Member Highlight: Byrd Barr Place


HDC appreciates all the passion, hard work, and dedication our members devote to the affordable housing movement. No single organization could make this impact and secure this progress alone. The collaboration and connection among members is the human energy that works to ensure all people have a safe, healthy, and affordable home. We want to show our appreciation and learn more about our affordable housing community through these member highlights as each member is crucial to achieving the larger vision of this movement. This week our featured member is Byrd Barr Place. Thank you for all the work that you do!

  1. What excites your team about the work you are doing? 
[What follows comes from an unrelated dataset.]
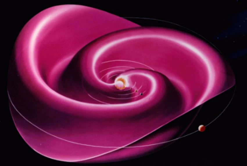 وبسبب دوران الشمس المستمر حول نفسها، يحدث انحناء في المجالات المغناطيسية للشمس، مما ينشأ عنه هيكل حلزوني يُعرف بـ"دوامة باركر" أو تيار الغلاف الشمسي، وهو يشبه التموجات التي تنطلق في الفضاء وأحياناً تحمل هذه التموجات جسيمات مشحونة نتيجة لنشاط شمسي مرتفع، وإذا كان الكوكب في مسار هذه "الموجة"، فإنها تصطدم به.

Byrd Barr Place (BBP) is a Community Action Agency supporting the diverse neighborhoods of Seattle’s Central District with a variety of services for those in poverty. BBP nurtures a more equitable Seattle through programs and advocacy that enable people to live healthier, prosperous lives. What excites us is that each year, our programs help 20,000 Seattle residents with basic human services—a warm home, food on the table, and immediate financial relief—so they can break the cycle of poverty and build self-sufficiency.  This work is fulfilling, we go home at the end of each day feeling that we’ve made a positive impact on the world around us.

 

  1. What is a favorite office anecdote?

One of our senior clients stated a few weeks ago that she just loved coming to our building, because all of the staff members smiled at her.  She doesn’t go anywhere else where so many people she didn’t know smile at her.

 

  1. What upcoming projects, partnerships, and news are you looking forward to? 

We will be partnering with the Washington State Commission on African American Affairs and the Urban League of Metropolitan Seattle on a research project on health and well-being in the Black community; the first phase of a multiyear initiative to foster a groundswell of positive change to address the inequities in health in Seattle and King County. The study of our findings will be released in the summer of 2019.

 

4. What have you been most proud of during your time as an HDC member?

We have been asked to present as a panelist at the upcoming Prosperity Now summit in D.C. next month.

We will be presenting on a project we plan to rollout in the fall: To develop and distribute communications that will inspire, educate and enable communities of color to form land trusts or similar entity that acquires and preserves long-term land ownership; as a means of preserving cultural diversity, fighting displacement and increasing long-term wealth creation.